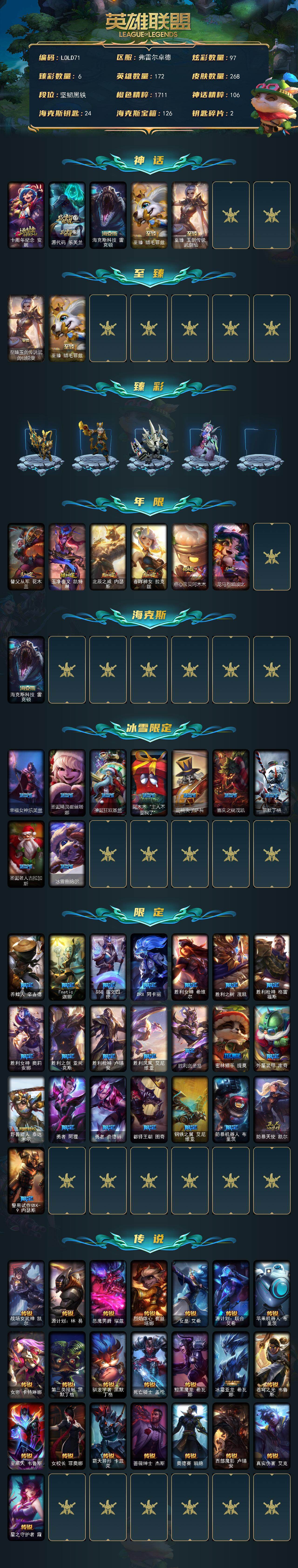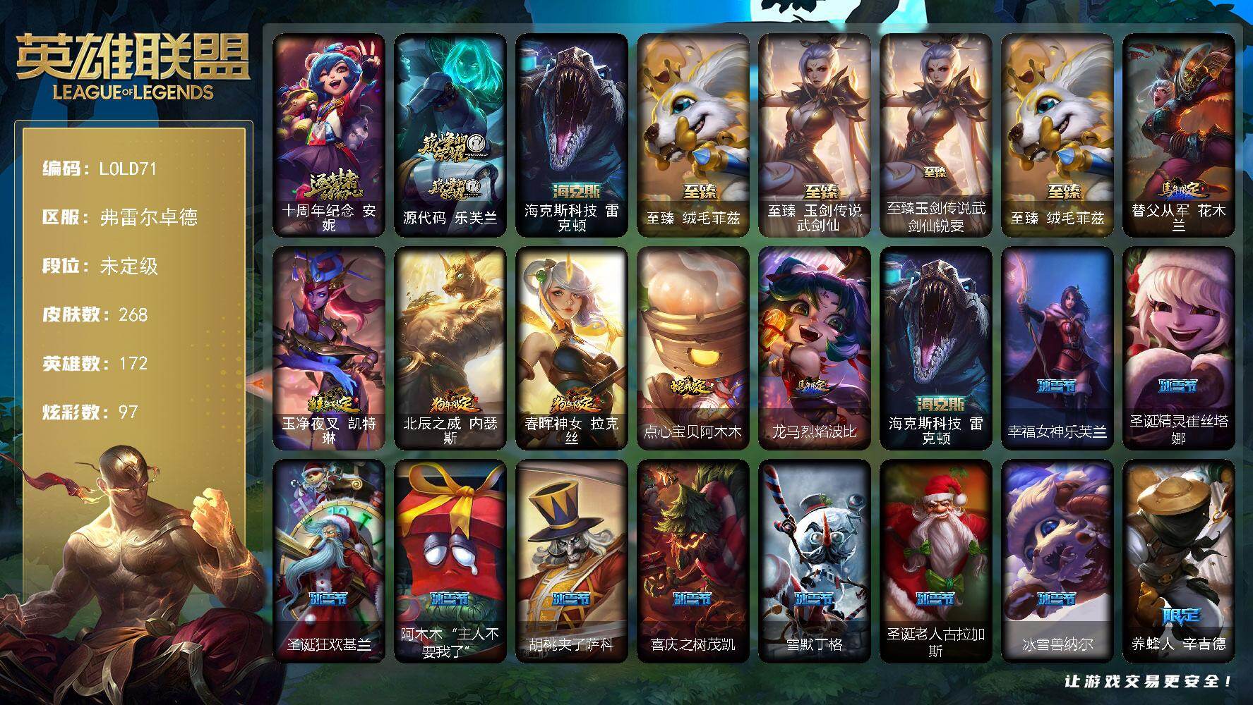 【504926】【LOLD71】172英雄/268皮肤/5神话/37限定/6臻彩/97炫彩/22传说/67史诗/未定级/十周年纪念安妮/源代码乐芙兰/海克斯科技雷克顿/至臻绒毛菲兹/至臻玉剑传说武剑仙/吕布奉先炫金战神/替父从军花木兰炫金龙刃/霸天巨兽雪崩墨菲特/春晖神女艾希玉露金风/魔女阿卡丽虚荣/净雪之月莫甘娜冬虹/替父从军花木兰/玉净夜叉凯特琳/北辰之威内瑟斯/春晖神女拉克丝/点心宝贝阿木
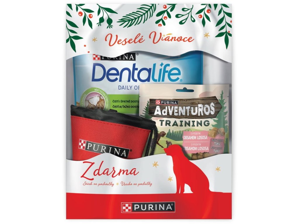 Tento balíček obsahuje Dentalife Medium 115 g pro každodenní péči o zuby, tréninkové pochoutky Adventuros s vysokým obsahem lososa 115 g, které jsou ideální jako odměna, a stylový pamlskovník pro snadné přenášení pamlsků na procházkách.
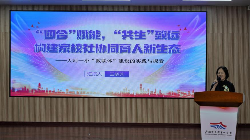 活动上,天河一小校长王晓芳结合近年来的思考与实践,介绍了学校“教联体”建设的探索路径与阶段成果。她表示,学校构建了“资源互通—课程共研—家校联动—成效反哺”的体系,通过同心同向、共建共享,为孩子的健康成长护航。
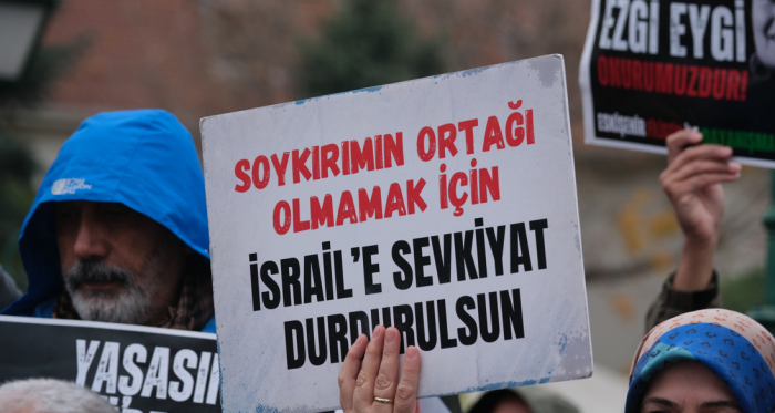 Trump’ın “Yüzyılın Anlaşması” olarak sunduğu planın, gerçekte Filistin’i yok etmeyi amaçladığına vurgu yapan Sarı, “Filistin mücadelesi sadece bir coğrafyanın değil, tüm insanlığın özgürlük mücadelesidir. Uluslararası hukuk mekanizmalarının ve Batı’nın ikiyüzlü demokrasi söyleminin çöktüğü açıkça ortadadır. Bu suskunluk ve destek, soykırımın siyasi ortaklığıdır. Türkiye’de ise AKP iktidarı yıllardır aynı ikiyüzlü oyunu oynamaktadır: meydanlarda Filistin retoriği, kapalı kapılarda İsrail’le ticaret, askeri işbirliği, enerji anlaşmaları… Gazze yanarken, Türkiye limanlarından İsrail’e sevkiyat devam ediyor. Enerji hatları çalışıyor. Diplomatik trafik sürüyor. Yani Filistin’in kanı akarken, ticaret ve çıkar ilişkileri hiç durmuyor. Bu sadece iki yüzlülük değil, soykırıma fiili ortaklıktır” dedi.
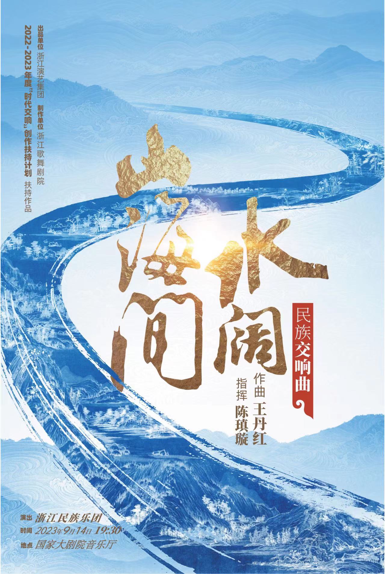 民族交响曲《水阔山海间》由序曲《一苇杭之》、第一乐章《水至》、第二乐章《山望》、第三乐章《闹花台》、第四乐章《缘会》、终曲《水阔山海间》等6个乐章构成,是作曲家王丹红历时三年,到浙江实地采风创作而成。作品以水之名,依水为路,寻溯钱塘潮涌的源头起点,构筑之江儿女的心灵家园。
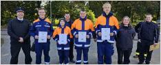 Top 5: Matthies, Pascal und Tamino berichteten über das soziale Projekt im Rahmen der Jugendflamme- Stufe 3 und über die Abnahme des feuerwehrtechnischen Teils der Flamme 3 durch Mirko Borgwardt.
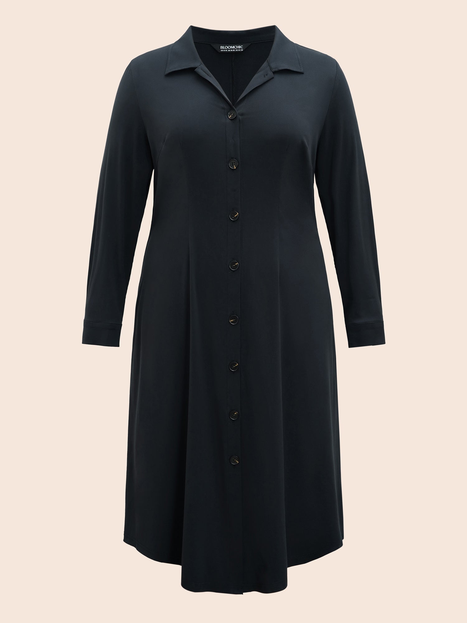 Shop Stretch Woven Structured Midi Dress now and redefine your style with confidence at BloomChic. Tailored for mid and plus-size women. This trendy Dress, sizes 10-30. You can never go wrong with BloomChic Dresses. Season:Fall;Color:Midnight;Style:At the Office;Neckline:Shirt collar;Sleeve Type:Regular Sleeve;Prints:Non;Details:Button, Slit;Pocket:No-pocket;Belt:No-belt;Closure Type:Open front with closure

_EXERCISE DIRECTIONS:_ Repeat all the records above exactly, leaving out any pictures.

_ANSWER FOR THE TASK:_
 【504926】【LOLD71】172英雄/268皮肤/5神话/37限定/6臻彩/97炫彩/22传说/67史诗/未定级/十周年纪念安妮/源代码乐芙兰/海克斯科技雷克顿/至臻绒毛菲兹/至臻玉剑传说武剑仙/吕布奉先炫金战神/替父从军花木兰炫金龙刃/霸天巨兽雪崩墨菲特/春晖神女艾希玉露金风/魔女阿卡丽虚荣/净雪之月莫甘娜冬虹/替父从军花木兰/玉净夜叉凯特琳/北辰之威内瑟斯/春晖神女拉克丝/点心宝贝阿木
 Tento balíček obsahuje Dentalife Medium 115 g pro každodenní péči o zuby, tréninkové pochoutky Adventuros s vysokým obsahem lososa 115 g, které jsou ideální jako odměna, a stylový pamlskovník pro snadné přenášení pamlsků na procházkách.
 活动上,天河一小校长王晓芳结合近年来的思考与实践,介绍了学校“教联体”建设的探索路径与阶段成果。她表示,学校构建了“资源互通—课程共研—家校联动—成效反哺”的体系,通过同心同向、共建共享,为孩子的健康成长护航。
 Trump’ın “Yüzyılın Anlaşması” olarak sunduğu planın, gerçekte Filistin’i yok etmeyi amaçladığına vurgu yapan Sarı, “Filistin mücadelesi sadece bir coğrafyanın değil, tüm insanlığın özgürlük mücadelesidir. Uluslararası hukuk mekanizmalarının ve Batı’nın ikiyüzlü demokrasi söyleminin çöktüğü açıkça ortadadır. Bu suskunluk ve destek, soykırımın siyasi ortaklığıdır. Türkiye’de ise AKP iktidarı yıllardır aynı ikiyüzlü oyunu oynamaktadır: meydanlarda Filistin retoriği, kapalı kapılarda İsrail’le ticaret, askeri işbirliği, enerji anlaşmaları… Gazze yanarken, Türkiye limanlarından İsrail’e sevkiyat devam ediyor. Enerji hatları çalışıyor. Diplomatik trafik sürüyor. Yani Filistin’in kanı akarken, ticaret ve çıkar ilişkileri hiç durmuyor. Bu sadece iki yüzlülük değil, soykırıma fiili ortaklıktır” dedi.
 民族交响曲《水阔山海间》由序曲《一苇杭之》、第一乐章《水至》、第二乐章《山望》、第三乐章《闹花台》、第四乐章《缘会》、终曲《水阔山海间》等6个乐章构成,是作曲家王丹红历时三年,到浙江实地采风创作而成。作品以水之名,依水为路,寻溯钱塘潮涌的源头起点,构筑之江儿女的心灵家园。
 Top 5: Matthies, Pascal und Tamino berichteten über das soziale Projekt im Rahmen der Jugendflamme- Stufe 3 und über die Abnahme des feuerwehrtechnischen Teils der Flamme 3 durch Mirko Borgwardt.
 Shop Stretch Woven Structured Midi Dress now and redefine your style with confidence at BloomChic. Tailored for mid and plus-size women. This trendy Dress, sizes 10-30. You can never go wrong with BloomChic Dresses. Season:Fall;Color:Midnight;Style:At the Office;Neckline:Shirt collar;Sleeve Type:Regular Sleeve;Prints:Non;Details:Button, Slit;Pocket:No-pocket;Belt:No-belt;Closure Type:Open front with closure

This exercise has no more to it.